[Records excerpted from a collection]
————

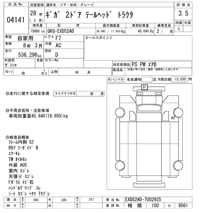 Isuzu GIGA с аукциона Японии ARAI Oyama VT лот № 4141
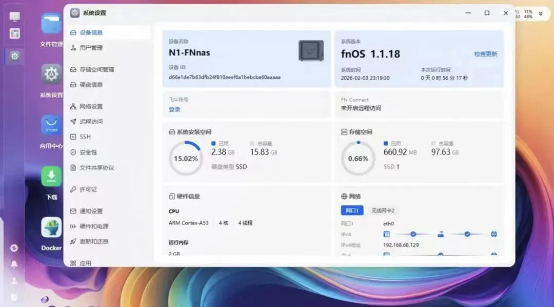 前几年斐讯N1最便宜的时候只要40-60元,而今年由于可以刷飞牛OS系统了,导致可玩性大幅提升,二手价值也水涨船高。由于它是低功耗CPU,平均耗电量就2W,一旦扩容存储或外挂移动硬盘后,就成为了很多人眼中的“NAS圣体”。如果自己不会刷飞牛系统,还可以在闲鱼买刷好的成品机,较新的固件版本应该是飞牛1.1.24。再来看目前二手价格,已刷好飞牛系统的斐讯N1最低80元自取或85元包邮,而扩容128G存储的N1最低130元,算是目前最便宜的ARM架构飞牛入门设备了。
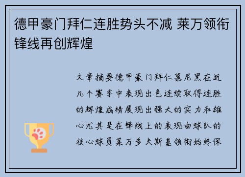 德甲豪门拜仁连胜势头不减 莱万领衔锋线再创辉煌
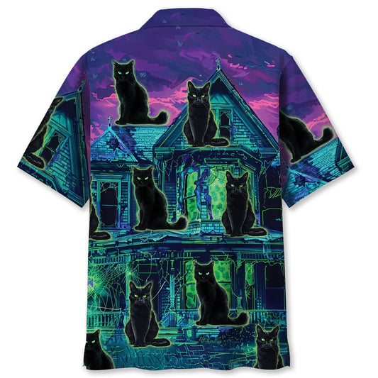 Black Cat Haunted House Hawaiian Shirt, Cat Hawaiian Shirt, Funny Hawaiian Shirts
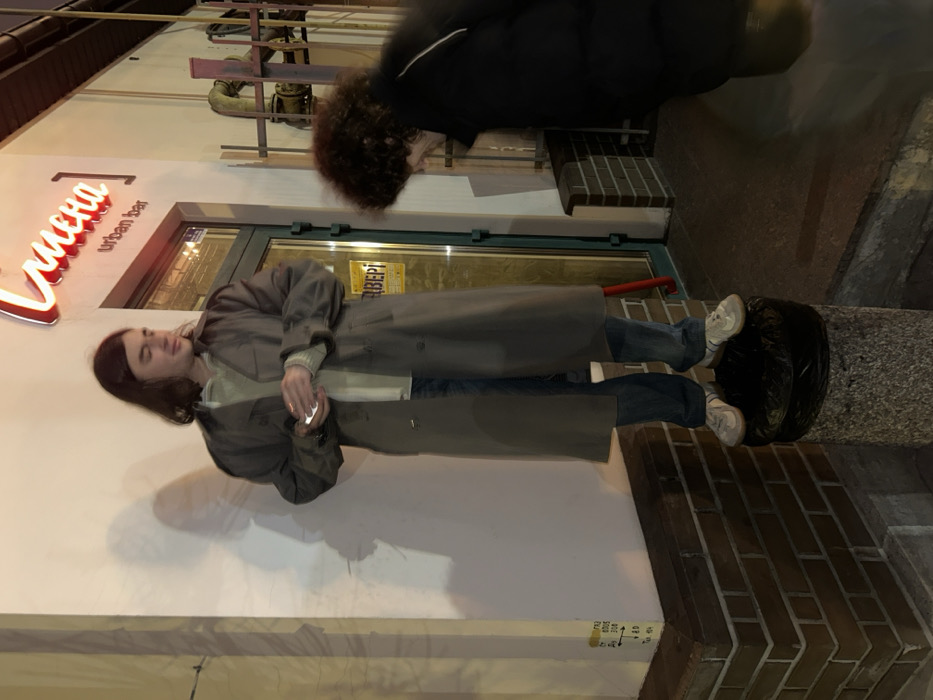 Outside an "urban bar" illuminated by a neon sign, a person in a long grey coat and jeans stands on a black garbage bag, elevated on a brick and concrete structure. The person is facing left and holding a device in their hand. Another person with curly hair and wearing black is partially visible, leaning into the scene from the top edge. The building's façade is light-colored. A red object, possibly a tool, is visible near the entrance.
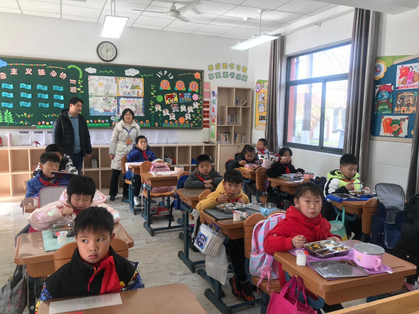 中午,郭督学和周校对每班午餐情况进行了检查,饭后郭督学认真查阅了师德师风建设台账资料。
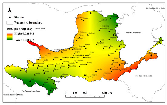 Drought frequency distribution map for the Yellow River Basin from 1968 to 2019.
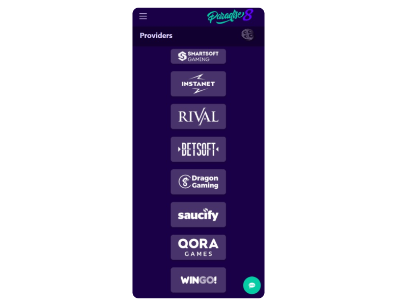 The list of collaborators with the Paradise 8 Casino includes names like Betsoft, Fugaso, Rival, Spinomenal, and Tom Horn. See a more detailed look in the table below.

————

* [WHAT IS REQUIRED] Would you write out all of the records exactly, omitting the pictures?

* [SOLVED EXERCISE]
 Isuzu GIGA с аукциона Японии ARAI Oyama VT лот № 4141
 前几年斐讯N1最便宜的时候只要40-60元,而今年由于可以刷飞牛OS系统了,导致可玩性大幅提升,二手价值也水涨船高。由于它是低功耗CPU,平均耗电量就2W,一旦扩容存储或外挂移动硬盘后,就成为了很多人眼中的“NAS圣体”。如果自己不会刷飞牛系统,还可以在闲鱼买刷好的成品机,较新的固件版本应该是飞牛1.1.24。再来看目前二手价格,已刷好飞牛系统的斐讯N1最低80元自取或85元包邮,而扩容128G存储的N1最低130元,算是目前最便宜的ARM架构飞牛入门设备了。
 德甲豪门拜仁连胜势头不减 莱万领衔锋线再创辉煌
 Black Cat Haunted House Hawaiian Shirt, Cat Hawaiian Shirt, Funny Hawaiian Shirts
 Outside an "urban bar" illuminated by a neon sign, a person in a long grey coat and jeans stands on a black garbage bag, elevated on a brick and concrete structure. The person is facing left and holding a device in their hand. Another person with curly hair and wearing black is partially visible, leaning into the scene from the top edge. The building's façade is light-colored. A red object, possibly a tool, is visible near the entrance.
 中午,郭督学和周校对每班午餐情况进行了检查,饭后郭督学认真查阅了师德师风建设台账资料。
 Drought frequency distribution map for the Yellow River Basin from 1968 to 2019.
 The list of collaborators with the Paradise 8 Casino includes names like Betsoft, Fugaso, Rival, Spinomenal, and Tom Horn. See a more detailed look in the table below.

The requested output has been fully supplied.